◆ YOUR OBJECTIVE ◆
Return the records from the first line through the line containing "The structure of", and leave out the pictures.
•••••
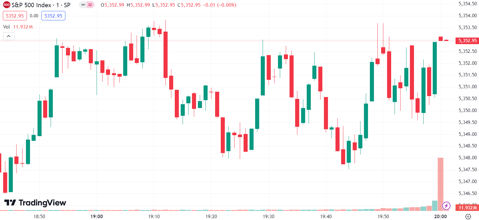 - 标普 500 指数跌 1.07 点,跌幅为 0.02%,报 5,352.96 点
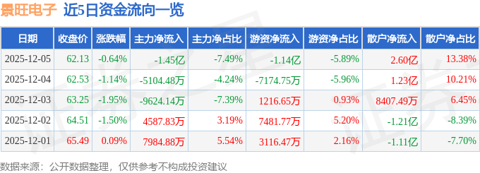 证券之星消息,截至2025年12月5日收盘,景旺电子(603228)报收于62.13元,下跌0.64%,换手率3.25%,成交量31.74万手,成交额19.41亿元。
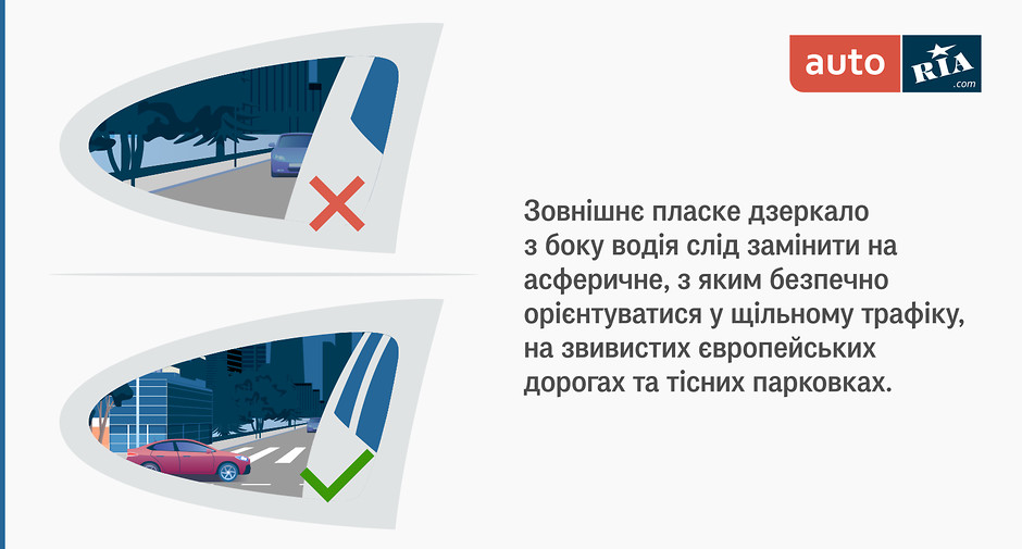 Що варто зробити. Замінити дзеркальний елемент на асферичний, з яким водій зможе оглядати значно більше простору, що значно безпечніше при перестроюванні, паркуванні, руху заднім ходом. Звісно, після заміни слід пам’ятати, що «Objects in mirror are closer they then appear» - об’єкти у дзеркалі насправді значно ближче, ніж це здається.
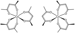 The structure of the complex has been confirmed by X-ray crystallography. The three acac− ligands bind in a bidentate fashion to cobalt, defining an octahedral complex.[2] The solid is isomorphous with tris(acetylacetonato)iron(III), tris(acetylacetonato)manganese(III), and tris(acetylacetonato)aluminium. With D3-symmetry, these complexes are chiral and often can be resolved into the individual enantiomers.
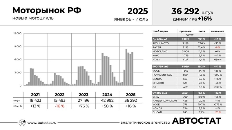 В 2025 году в России зафиксирован значительный рост продаж мотоциклов. Анализируем, какие модели и бренды пользуются наибольшим спросом, и как изменились предпочтения покупателей в разных сегментах мощности. По данным телеграм-канала Сергея Целикова, в период с января по июль 2025 года в России было зарегистрировано 36,3 тысячи новых мотоциклов. Это на 16% больше, чем за аналогичный промежуток прошлого года, что свидетельствует о заметном оживлении рынка мототехники. Наибольший интерес у российских покупателей по-прежнему вызывают мотоциклы с объемом двигателя до 400 см³. На этот сегмент приходится более 70% всех продаж. Однако, несмотря на доминирование малокубатурных моделей, их реализация снизилась на 10% по сравнению с прошлым годом. В пятерку самых популярных брендов в этой категории вошли Regulmoto (7126 единиц), Racer (4193), Motorland (3008), Kayo (1739) и Ataki (1127). Средний класс, включающий мотоциклы с объемом двигателя от 400 до 799 см³, демонстрирует наибольший прирост —
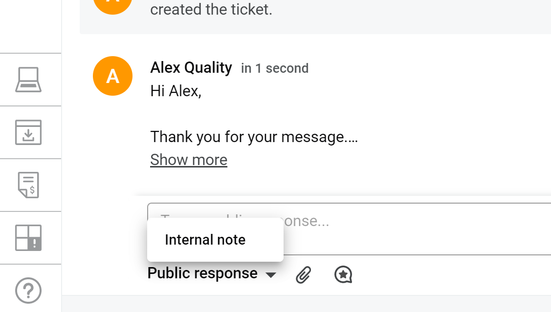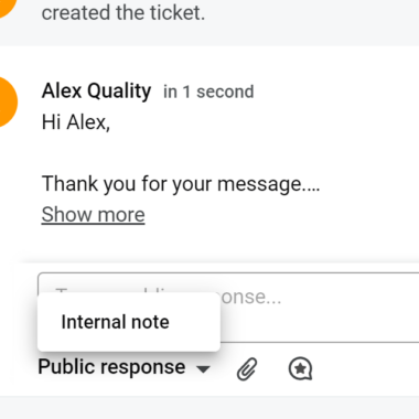 Atbildes lodziņš nav pārāk plašs, tāpēc viena no pirmajām lietām, par ko man bija interese, bija, vai tas izstiepjas. Tas tiešām izstiepjas rakstot, tomēr tas izstiepjas uz augšu, nevis uz leju. Tam ir maksimālais izmērs, un ja jūs rakstat garāku tekstu, jums būs jālieto ritināšana. Zem atbildes lauka varat piekļūt dažām rīkiem, piemēram, pielikumiem, iepriekšsagatavotajām atbildēm un iekšējām piezīmēm.
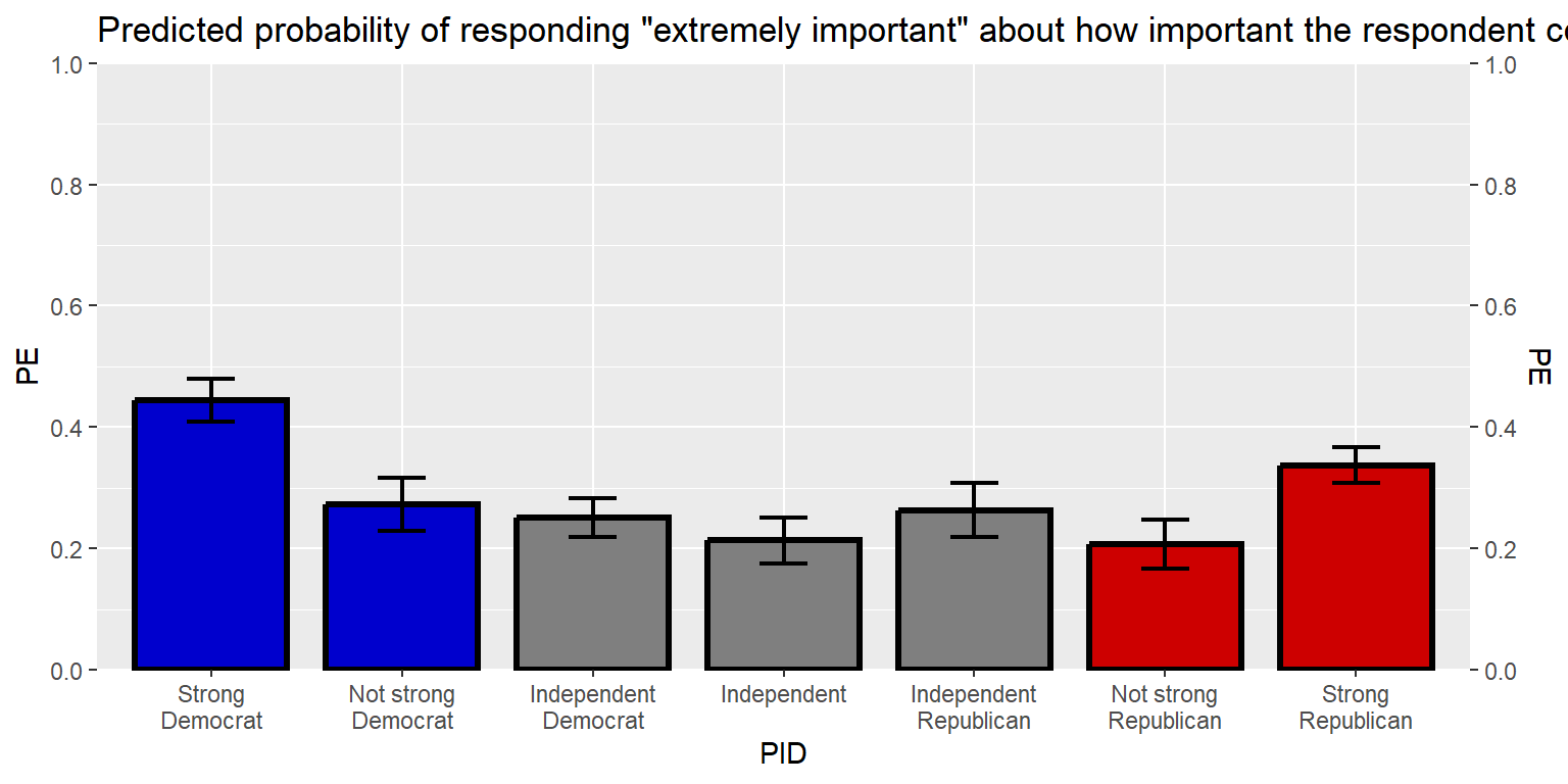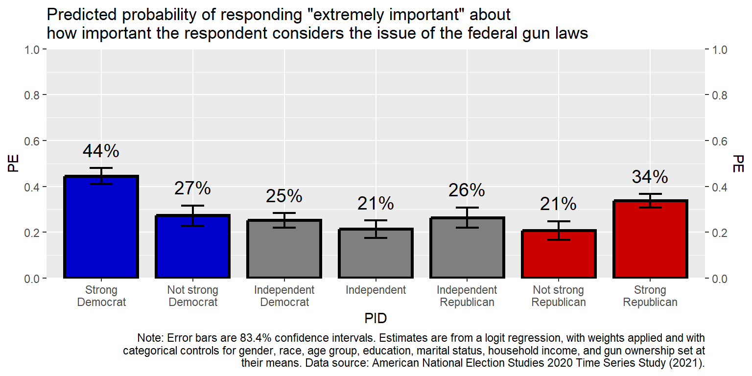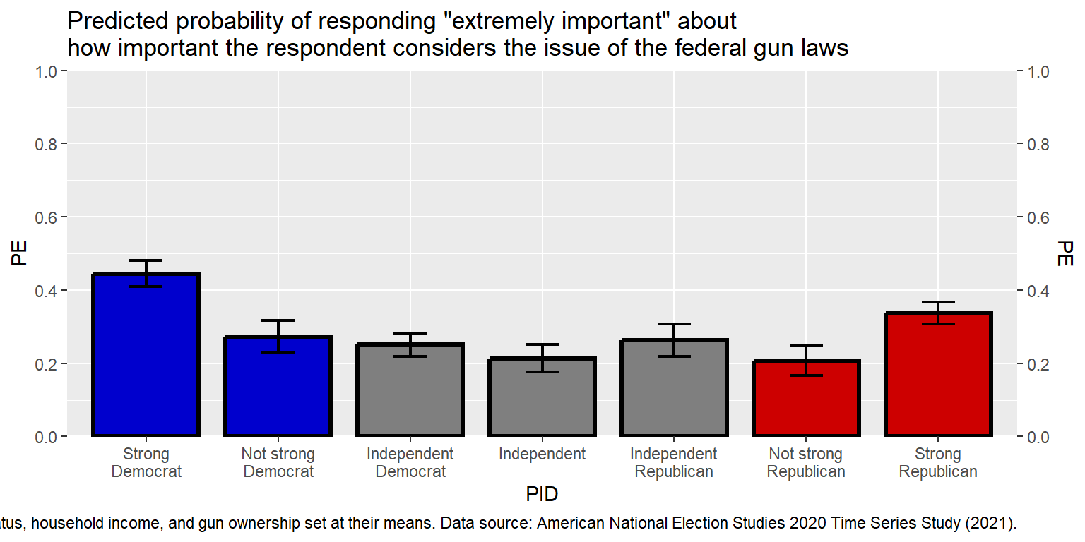 Let’s get data that we can plot. One way to get data into R is through a tribble function from the tidyverse package. The setup of the tribble function is to use a tilde (~) to indicate column headers and then indicate the data in the columns. The tribble code below has four columns: PID (for party identification), PE (a point estimate “best guess” for the observed frequency, which in this case is the predicted probability of a respondent selecting “extremely important” to indicate how important the respondent considers the issue of the federal gun laws), and CILO and CIHI (respectively, the low end and high end of confidence intervals that provide an estimate of the uncertainty in the point estimate). The assignment operator <- assigns these data to a dataset called GUNIMP.
•••••
◆ WRITTEN REPLY ◆
 - 标普 500 指数跌 1.07 点,跌幅为 0.02%,报 5,352.96 点
 证券之星消息,截至2025年12月5日收盘,景旺电子(603228)报收于62.13元,下跌0.64%,换手率3.25%,成交量31.74万手,成交额19.41亿元。
 Що варто зробити. Замінити дзеркальний елемент на асферичний, з яким водій зможе оглядати значно більше простору, що значно безпечніше при перестроюванні, паркуванні, руху заднім ходом. Звісно, після заміни слід пам’ятати, що «Objects in mirror are closer they then appear» - об’єкти у дзеркалі насправді значно ближче, ніж це здається.
 The structure of the complex has been confirmed by X-ray crystallography. The three acac− ligands bind in a bidentate fashion to cobalt, defining an octahedral complex.[2] The solid is isomorphous with tris(acetylacetonato)iron(III), tris(acetylacetonato)manganese(III), and tris(acetylacetonato)aluminium. With D3-symmetry, these complexes are chiral and often can be resolved into the individual enantiomers.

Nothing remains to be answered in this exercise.